Sometimes a company hasn’t heard from a particular customer for a while, due to matters such as a changing family situation, holiday leave, or the loss of interest in your product. While a customer does not often share this information, companies should know whether that customer is still active and worth approaching. To map this out, businesses use probabilistic models that utilise customer data from the past to predict their future behaviour. However, in her dissertation, Korkmaz reveals that much more can be read using existing models.

Korkmaz focuses on probabilistic customer base analysis models that deal with understanding customer heterogeneity and predicting customer behaviour. These models specify a customer's transaction and defection processes under a non-contractual setting. Through this study, she shows that the timing of the next purchase for each customer can be predicted using these models. This is the type of information that allows a company to make relevant investment decisions in customer acquisition/retention.

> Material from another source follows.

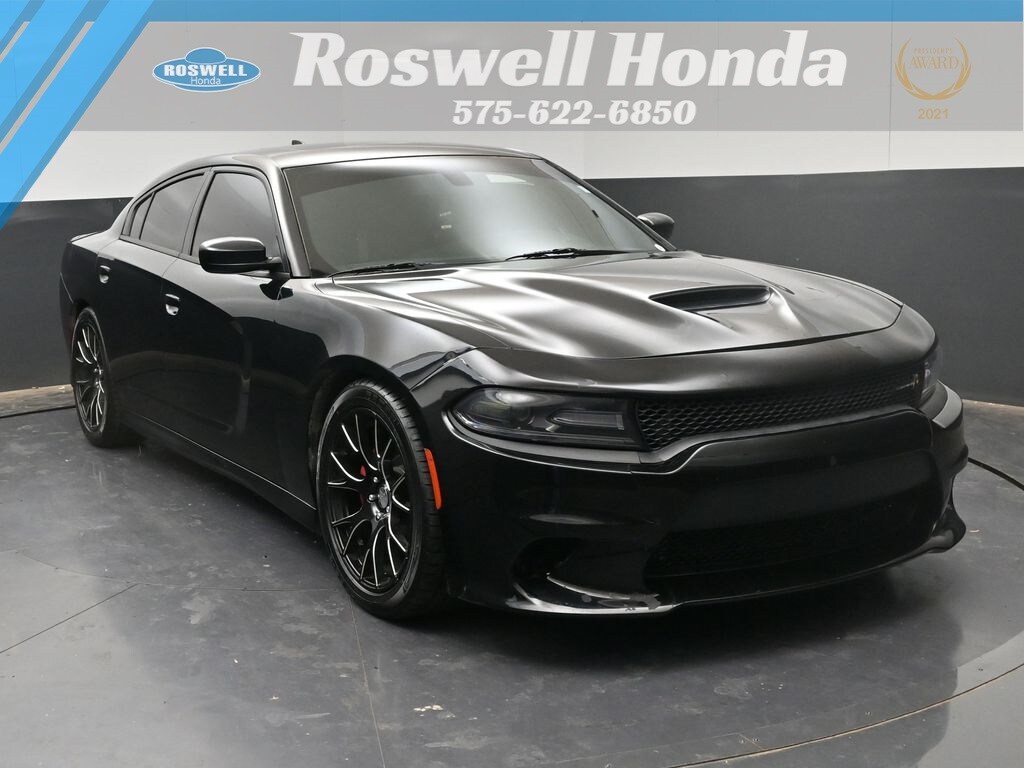 Roswell Honda has been proudly serving Roswell, Artesia, Carlsbad and Southeastern New Mexico for over 20 years. For more information on this vehicle please stop by the dealership at 2177 West Second Street or call us at 575-622-6850. This 2017 Dodge Charger R/T Scat Pack is loaded with the following Factory Options:Driver Confidence Group (ParkSense Rear Park Assist System), Quick Order Package 21W R/T Scat Pack, 1-Yr SiriusXM Guardian Trial, 4-Wheel Disc Brakes, 5-Year SiriusXM Traffic Service, 5-Year SiriusXM Travel Link Service, 6 Speakers, 8.4" Touchscreen Display, ABS brakes, Air Conditioning, Alloy wheels, AM/FM radio: SiriusXM, Anti-whiplash front head restraints, Apple CarPlay/Android Auto, Auto-Dimming Exterior Driver Mirror, Auto-dimming Rear-View mirror, Automatic temperature control, Blind Spot & Cross Path Detection, Brake assist, Bumpers: body-color, Cloth Performance Seats, Compass, Delay-off headlights, Driver door bin, Driver vanity mirror, Dual front impact airbags, Dual front side impact airbags, Electronic Stability Control, Emergency communication system: Uconnect Access, Exterior Mirrors Courtesy Lamps, Exterior Mirrors w/Heating Element, For Details, Visit DriveUconnect.com, Four wheel independent suspension, Front anti-roll bar, Front Bucket Seats, Front Center Armrest, Front dual zone A/C, Front fog lights, Front reading lights, Fully automatic headlights, Garage door transmitter: HomeLink, GPS Antenna Input, Illuminated entry, Integrated Center Stack Radio, Integrated Voice Command w/Bluetooth, Leather Shift Knob, Low tire pressure warning, Manufacturer's Statement of Origin, Occupant sensing airbag, Outside temperature display, Overhead airbag, Overhead console, Panic alarm, ParkView Rear Back-Up Camera, Passenger door bin, Passenger vanity mirror, Power door mirrors, Power driver seat, Power Driver/Passenger 4-Way Lumbar Adjust, Power passenger seat, Power steering, Power Sunroof, Power windows, Radio data system, Radio: Uconnect 4C Nav w/8.4" Display, Radio: Uconnect 4C w/8.4" Display, Rear anti-roll bar, Rear reading lights, Rear seat center armrest, Rear window defroster, Remote keyless entry, Rhombi 2-Pc Wheel Center Cap, Security system, SiriusXM Satellite Radio, SiriusXM Traffic Plus, SiriusXM Travel Link, Speed control, Speed-Sensitive Wipers, Split folding rear seat, Spoiler, Steering wheel mounted audio controls, Tachometer, Telescoping steering wheel, Tilt steering wheel, Traction control, Trip computer, USB Host Flip, Variably intermittent wipers, Wheels: 20" x 9.0" Alum Machined Face/Satin Black, and Wheels: 20" x 9.0" Forged/Painted AluminuM.

Building two new models, Korkmaz interprets customer heterogeneity in a more flexible and insightful way. As a result, managers can obtain a refined segmentation. Customers are no longer analysed as one heterogeneous group, but rather as several heterogeneous groups, so-called customer segments, so that one can analyse within and across heterogeneity, for whom both individual and segment-specific marketing techniques can be determined.

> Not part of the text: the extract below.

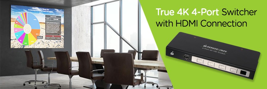 The IOGEAR 4-Port True 4K Switch with HDMI connection offers smooth, quick switching between four HDMI video sources such as a computer, Blu-ray or media player, and cable or satellite receivers and a single HDMI display. Send crystal clear, Cinema 4K video reaching true 4K resolutions to 4096 x 2160 @ 60Hz with 4:4:4 Chroma subsampling, High Dynamic Range (HDR) and uncompressed audio for any variety of uses including home theater, in lobbies and conference rooms and for digital signage.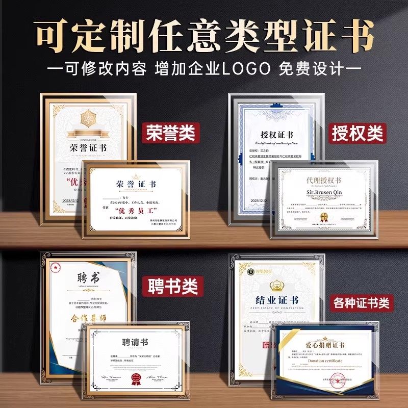 📚 水晶荣誉证书定制a4奖状结业毕业获奖授权书聘书证件书外壳任命企业优秀员工颁奖裱相框收藏捐赠奖牌奖杯打印

Businesses can learn from this research how to get a hold of more – and more accurate – information on their customer’s behaviour by using data they already have.

Evşen defended her dissertation in the Senate Hall at Erasmus University Rotterdam on Friday, 12 September 2014 at 11:30. Her supervisors were Professor Steef van de Velde and Professor Dennis Fok and her co-supervisor was Dr Roelof Kuik . Other members of the Doctoral Committee were Professor Leo Kroon (ERIM), Professor Gerrit van Bruggen (ERIM), and Professor Florian von Wangenheim (ETH Zurich).

About Evşen Korkmaz

Evşen Korkmaz received a BSc in Industrial Engineering (2005) and an MSc in Industrial Engineering with a specialization in Operations Research (2008) from Istanbul Technical University with distinction. In 2009, she started her PhD research at the Rotterdam School of Management, Erasmus University Rotterdam. Her main research interest lies on the interface of Marketing Modelling and Operations Research. Her research has been presented at several international conferences such as INFORMS Annual Meeting, Production and Operations Management Conference and ISMS Marketing Science Conferences.

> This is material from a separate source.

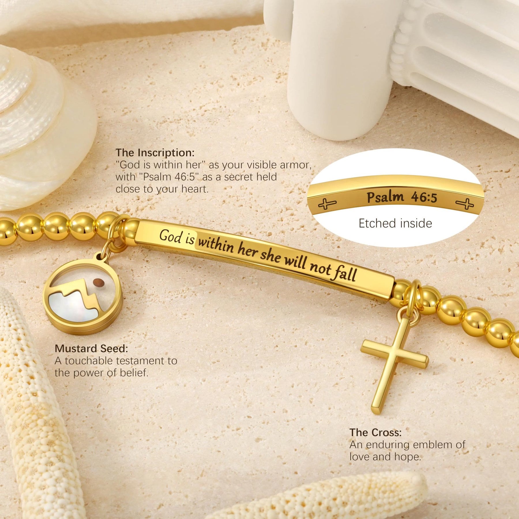 This gold-bead bracelet merges the "mustard seed faith" motif (Matthew 17:20) with cross accents and the verse "God is within her" — pairing spiritual warmth with delicate design to create a soothing companion for daily moments. -

Abstract of Bridging Models and Business: Understanding heterogeneity in hidden drivers of customer purchase behaviour

Recent years have seen many advances in quantitative models in the marketing literature. Even though these advances enable model building for a better understanding of customer purchase behavior and customer heterogeneity such that firms develop optimal targeting and pricing strategies, it has been observed that not many of the advanced models have found their way into business practice.

This thesis aims to bridge the gap between advanced models and their business applications by systematically extending the use of models. We first focus on probabilistic customer base analysis models that deal with understanding customer heterogeneity and predicting customer behavior. These models specify a customer's transaction and defection processes under a non-contractual setting. Through this study, we show that the timing of the next purchase for each customer can be predicted using these models. We also extend them by modeling customer heterogeneity in a more flexible and insightful way. As a result, managers can obtain a refined segmentation. Based on the customer heterogeneity insights, we then focus on pricing strategies for online retailers who derive their revenues from delivery fees and sales. In order to come up with optimal pricing strategies for delivery fees, we use ideas from the two-part tariff literature.

Given the time and costs associated with implementing advanced models/theories in managerial practice, the marketing executives need to be convinced by clearly demonstrating the contributions of such models. Our study serves as a step toward bridging advanced models and business practice by empirically demonstrating their extended contributions.